Copy out the entries word for word, leaving images aside.

* _Records supplied_
--------------------
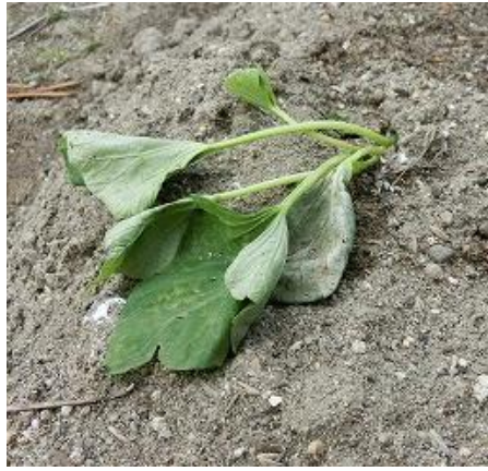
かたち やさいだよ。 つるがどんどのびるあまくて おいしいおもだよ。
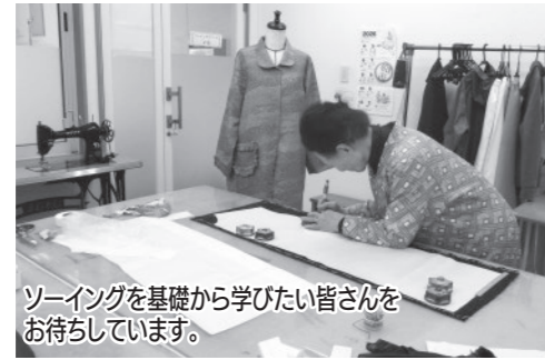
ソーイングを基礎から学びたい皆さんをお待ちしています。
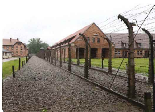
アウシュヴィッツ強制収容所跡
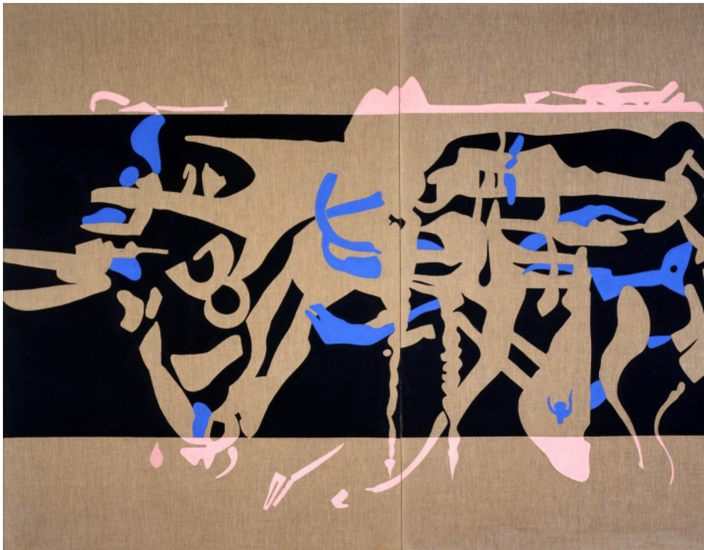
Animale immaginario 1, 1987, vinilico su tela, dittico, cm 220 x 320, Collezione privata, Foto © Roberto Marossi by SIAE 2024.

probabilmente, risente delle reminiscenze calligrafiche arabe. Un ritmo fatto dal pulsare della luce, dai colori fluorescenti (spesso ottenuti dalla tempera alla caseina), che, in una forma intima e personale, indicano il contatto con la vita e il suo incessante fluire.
--------------------
* _Written solution_
かたち やさいだよ。 つるがどんどのびるあまくて おいしいおもだよ。
ソーイングを基礎から学びたい皆さんをお待ちしています。
アウシュヴィッツ強制収容所跡
Animale immaginario 1, 1987, vinilico su tela, dittico, cm 220 x 320, Collezione privata, Foto © Roberto Marossi by SIAE 2024.

probabilmente, risente delle reminiscenze calligrafiche arabe. Un ritmo fatto dal pulsare della luce, dai colori fluorescenti (spesso ottenuti dalla tempera alla caseina), che, in una forma intima e personale, indicano il contatto con la vita e il suo incessante fluire.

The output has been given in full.